For those who didn't, rescue boats and helicopters were dispatched Sunday to find people possibly stranded in attics or on rooftops. About 500 people were rescued from high waters along the Louisiana coast in the immediate aftermath of the storm and emergency calls were still coming in from far-flung areas near the gulf.

"The flooding is still extensive," said Michael Bertrand of the Vermilion Parish Office of Emergency Preparedness. Authorities began scaling back rescue operations late Sunday after residents told search crews they didn't need any help.

During a helicopter tour, Louisiana Gov. Kathleen Blanco, whose Cajun roots run deep in the region, got her first look at the hardest-hit areas.

CBS News correspondent Randall Pinkston reports that Cameron Parish, just across the state line from Texas and in the path of Rita's harshest winds east of the eye, was mass destruction,

Fishing communities were reduced to splinters, with concrete slabs the only evidence that homes once stood there. Debris was strewn for miles by water or wind. Holly Beach, a popular vacation and fishing spot, was gone. Only the stilts that held houses off the ground remained.

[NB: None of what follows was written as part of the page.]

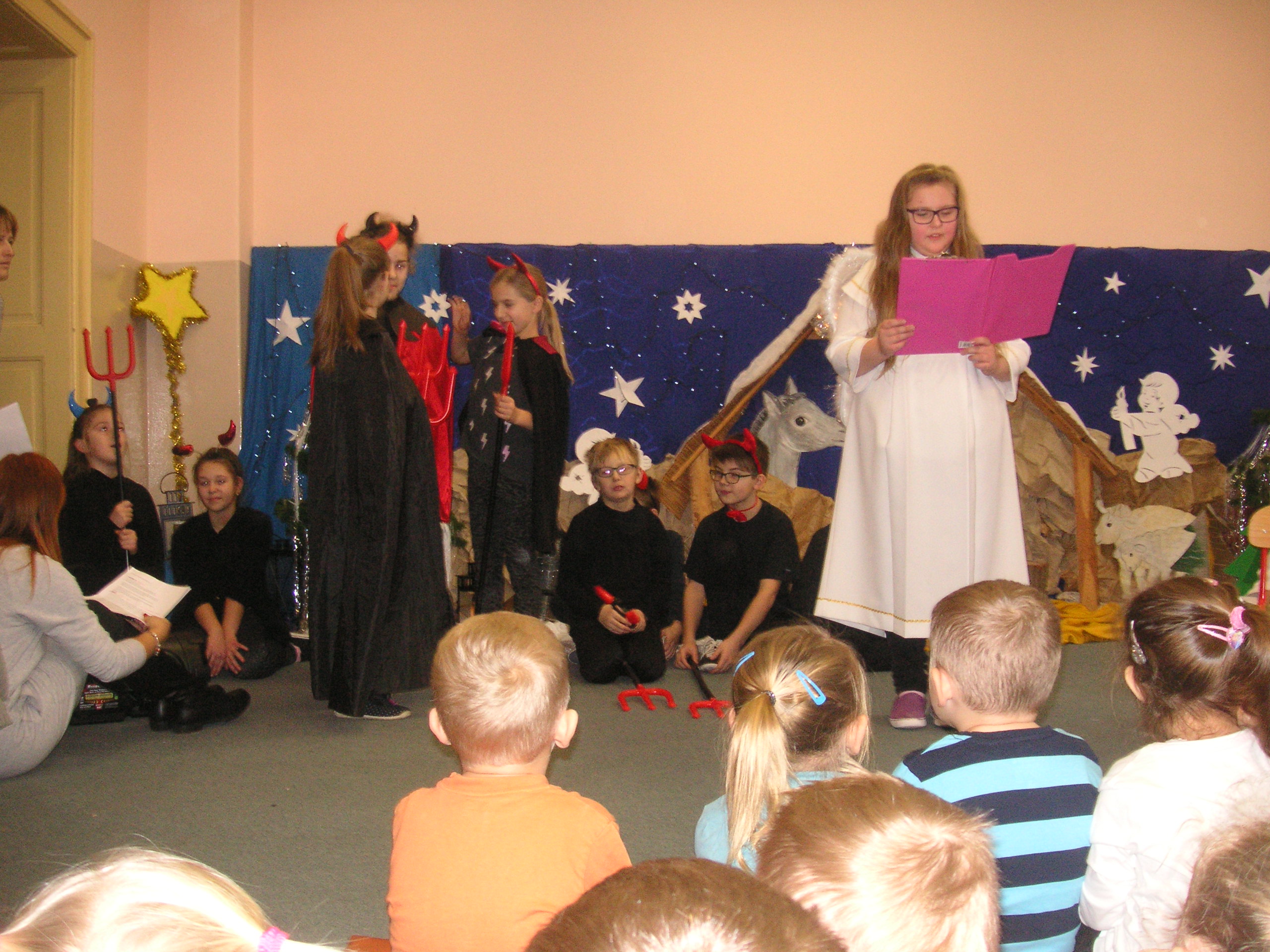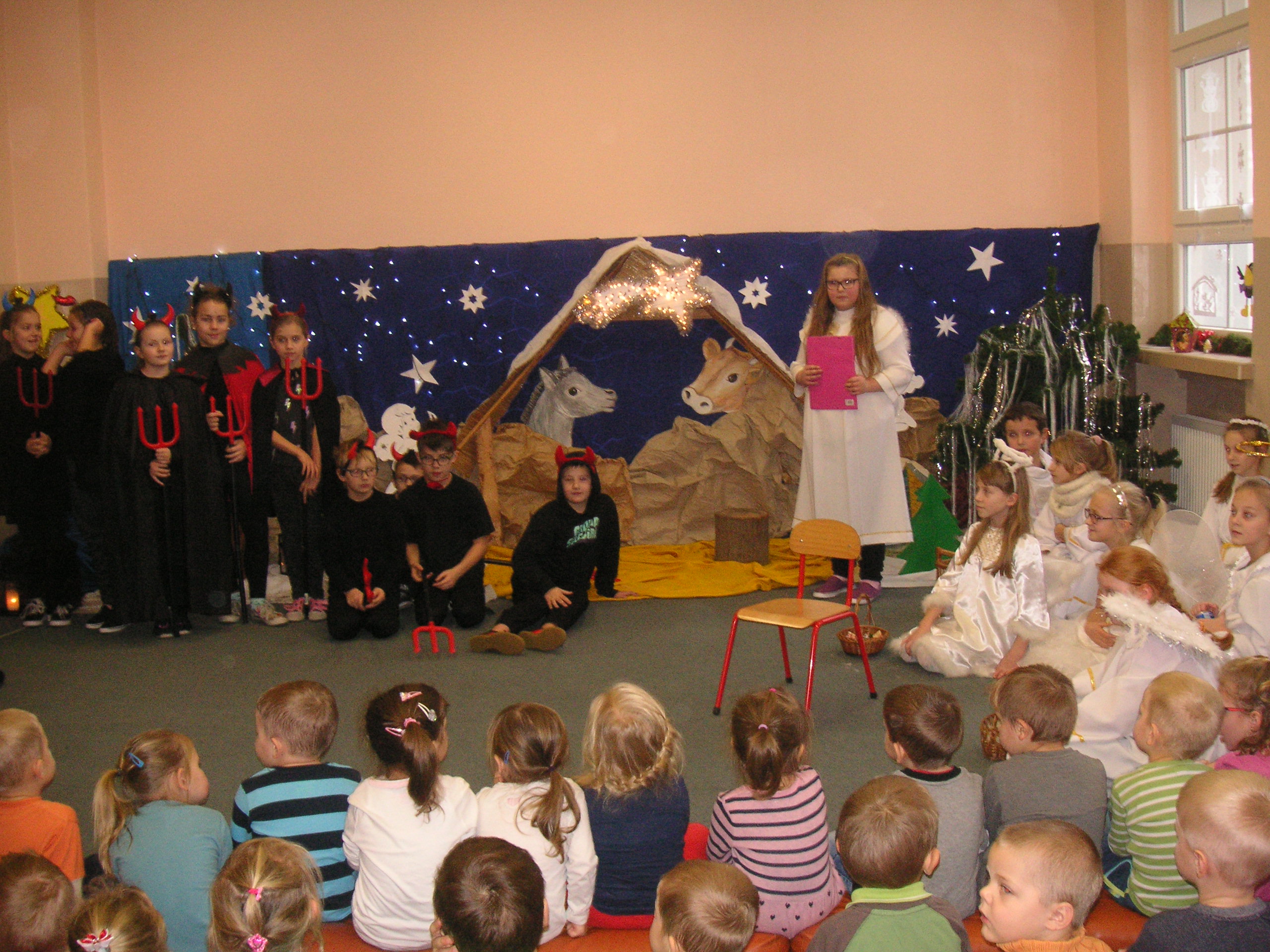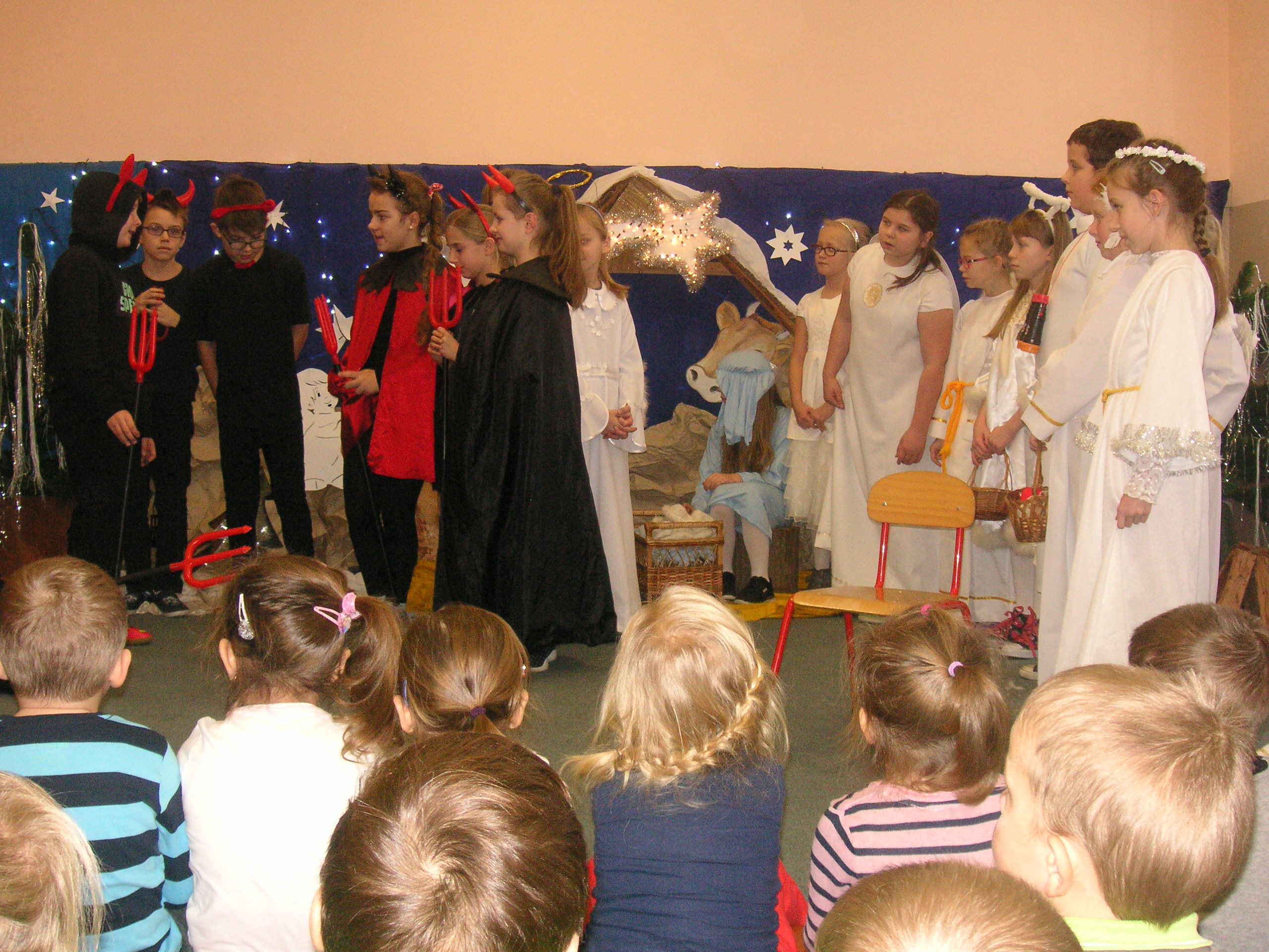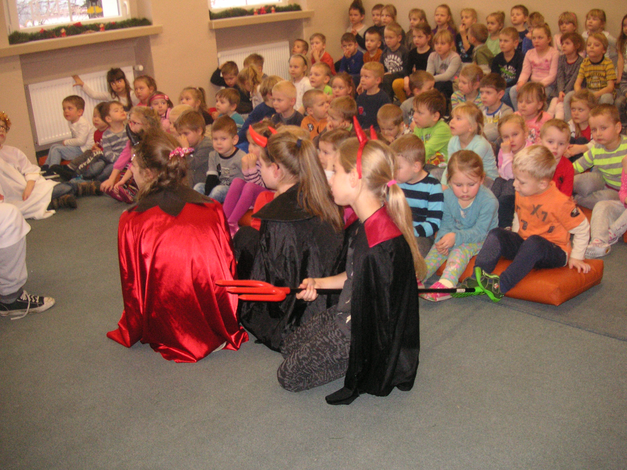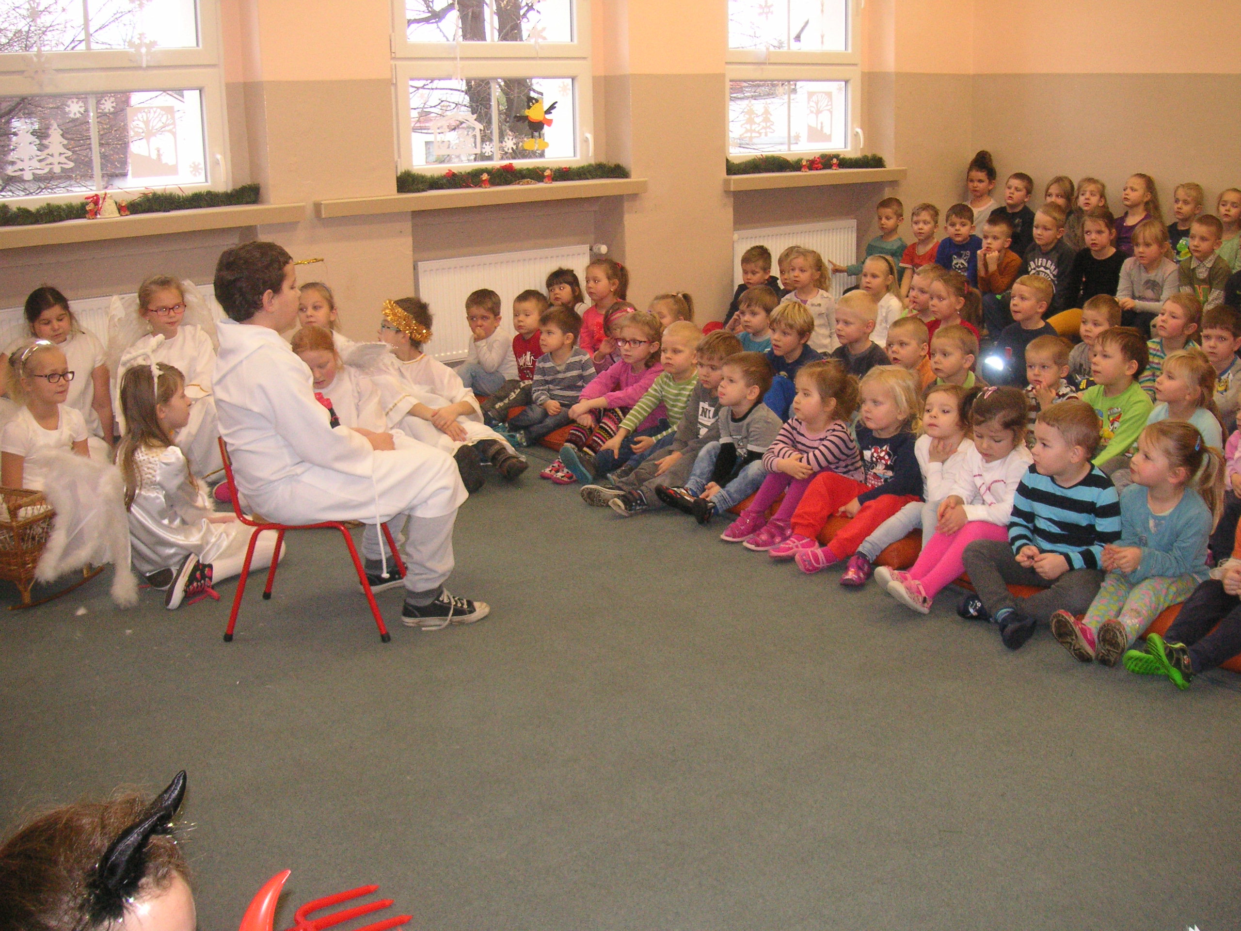 19 grudnia przybyły do naszego przedszkola diabły i anioły z Jasełkami. Uczniowie klas III-ich wraz ze swoimi nauczycielami, zaprezentowali przedszkolakom opowieść bożonarodzeniową. Dzieci z wielką uwagą i emocjami śledziły występy szkolnych kolegów. Miło spędzili z nimi czas, a otrzymane od uczniów świąteczne gwiazdki wywołały na buziach przedszkolaków szeroki uśmiech. Dziękujemy i zapraszamy ponownie.

A line of shrimp boats steamed through an oil sheen to reach Hackberry, only to find homes and camps had been flattened. In one area, there was a flooded high school football field, its bleachers and goal posts jutting from what had become part of the Gulf of Mexico.

"In Cameron, there's really hardly anything left. Everything is just obliterated," said Blanco, who has asked the federal government for $34 billion to aid in storm recovery.

Added Maj. Gen. Bennett Landreneau, head of the Louisiana National Guard: "This is terrible. Whole communities are gone."